Aim of the exercise: In the listing below, find the line with "서’라고 쓰여 있다." and the line with "Okraje má ozdobně". Repeat those two lines and all lines between them exactly.

Material to process:
+ + + +

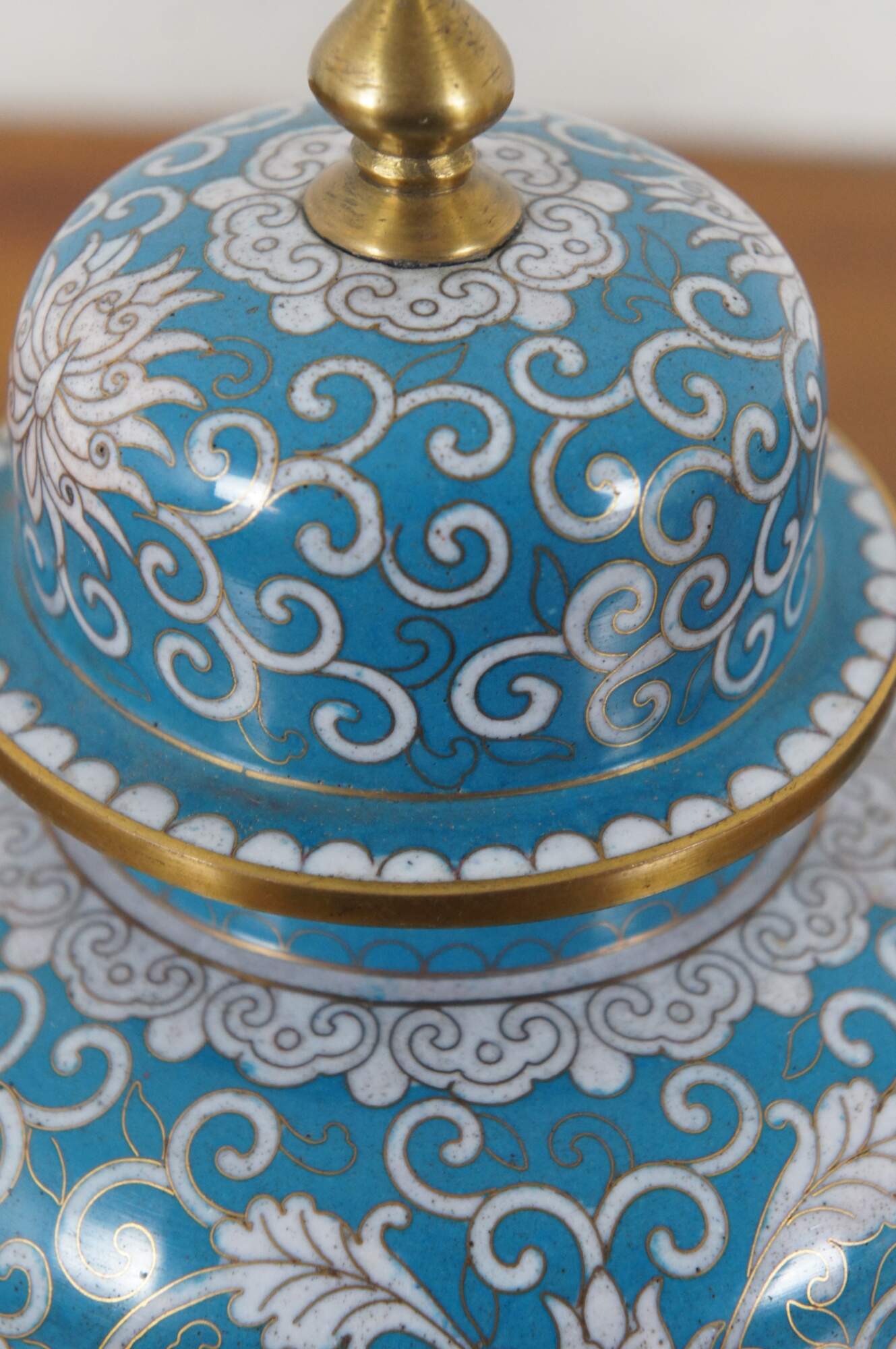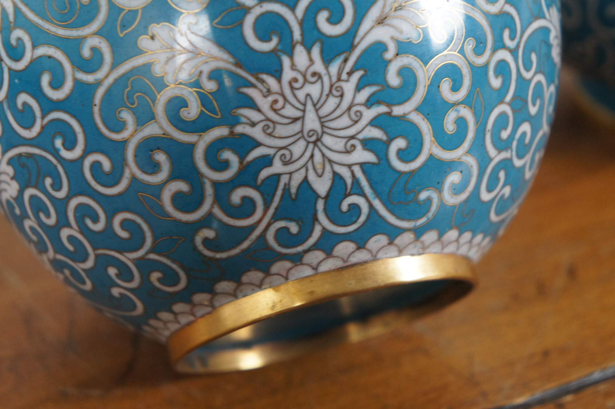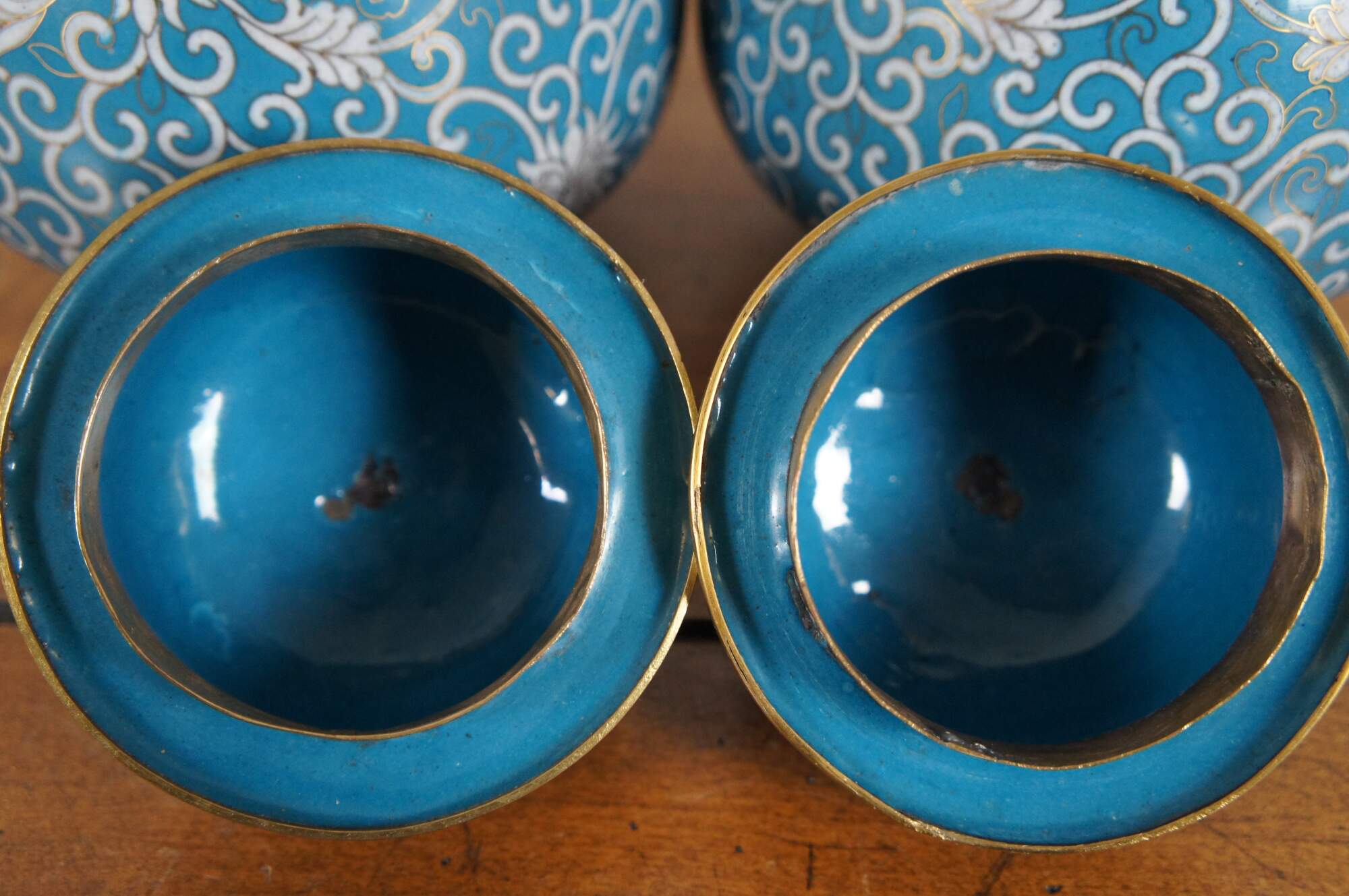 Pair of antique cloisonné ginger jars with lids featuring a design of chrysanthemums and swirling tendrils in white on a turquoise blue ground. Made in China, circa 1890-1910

+ + + +

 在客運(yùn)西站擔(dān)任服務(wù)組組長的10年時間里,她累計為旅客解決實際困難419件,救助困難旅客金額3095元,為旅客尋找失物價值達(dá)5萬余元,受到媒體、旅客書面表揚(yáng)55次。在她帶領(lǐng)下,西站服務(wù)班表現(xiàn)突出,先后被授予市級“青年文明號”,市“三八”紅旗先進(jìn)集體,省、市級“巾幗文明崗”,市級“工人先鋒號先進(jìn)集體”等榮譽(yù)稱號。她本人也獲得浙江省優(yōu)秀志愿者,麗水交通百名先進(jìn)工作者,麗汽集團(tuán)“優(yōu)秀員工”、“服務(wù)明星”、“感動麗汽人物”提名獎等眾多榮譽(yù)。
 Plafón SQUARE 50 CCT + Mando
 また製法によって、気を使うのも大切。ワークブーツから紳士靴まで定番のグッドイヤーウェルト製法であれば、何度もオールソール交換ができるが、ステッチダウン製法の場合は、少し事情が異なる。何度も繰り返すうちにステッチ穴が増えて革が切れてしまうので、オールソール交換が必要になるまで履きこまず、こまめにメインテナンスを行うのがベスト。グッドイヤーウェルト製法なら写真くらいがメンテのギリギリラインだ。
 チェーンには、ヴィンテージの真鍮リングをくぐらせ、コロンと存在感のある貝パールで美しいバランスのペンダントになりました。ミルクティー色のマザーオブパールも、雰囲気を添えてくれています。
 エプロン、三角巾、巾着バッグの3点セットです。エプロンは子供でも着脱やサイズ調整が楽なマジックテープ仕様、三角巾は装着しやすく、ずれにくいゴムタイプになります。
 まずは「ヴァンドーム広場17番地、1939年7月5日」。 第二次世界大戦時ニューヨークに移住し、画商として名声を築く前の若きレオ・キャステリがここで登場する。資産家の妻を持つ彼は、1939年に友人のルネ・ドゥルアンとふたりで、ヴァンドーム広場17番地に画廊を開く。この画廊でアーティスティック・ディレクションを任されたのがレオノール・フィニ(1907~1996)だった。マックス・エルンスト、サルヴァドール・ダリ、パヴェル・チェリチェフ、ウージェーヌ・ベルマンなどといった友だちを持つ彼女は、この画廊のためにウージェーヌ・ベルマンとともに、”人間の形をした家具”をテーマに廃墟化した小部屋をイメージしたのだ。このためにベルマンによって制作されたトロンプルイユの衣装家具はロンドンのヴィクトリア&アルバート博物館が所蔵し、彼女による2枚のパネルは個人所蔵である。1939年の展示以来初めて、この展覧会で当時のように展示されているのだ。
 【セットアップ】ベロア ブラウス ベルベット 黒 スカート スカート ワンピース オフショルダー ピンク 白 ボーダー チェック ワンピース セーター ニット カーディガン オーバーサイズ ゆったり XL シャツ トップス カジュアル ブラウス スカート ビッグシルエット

+ + + +

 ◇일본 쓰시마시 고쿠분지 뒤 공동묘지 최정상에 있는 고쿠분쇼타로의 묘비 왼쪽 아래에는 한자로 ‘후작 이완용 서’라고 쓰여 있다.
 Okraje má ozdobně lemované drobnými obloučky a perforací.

+ + + +

Solved exercise:
 ◇일본 쓰시마시 고쿠분지 뒤 공동묘지 최정상에 있는 고쿠분쇼타로의 묘비 왼쪽 아래에는 한자로 ‘후작 이완용 서’라고 쓰여 있다.
 Okraje má ozdobně lemované drobnými obloučky a perforací.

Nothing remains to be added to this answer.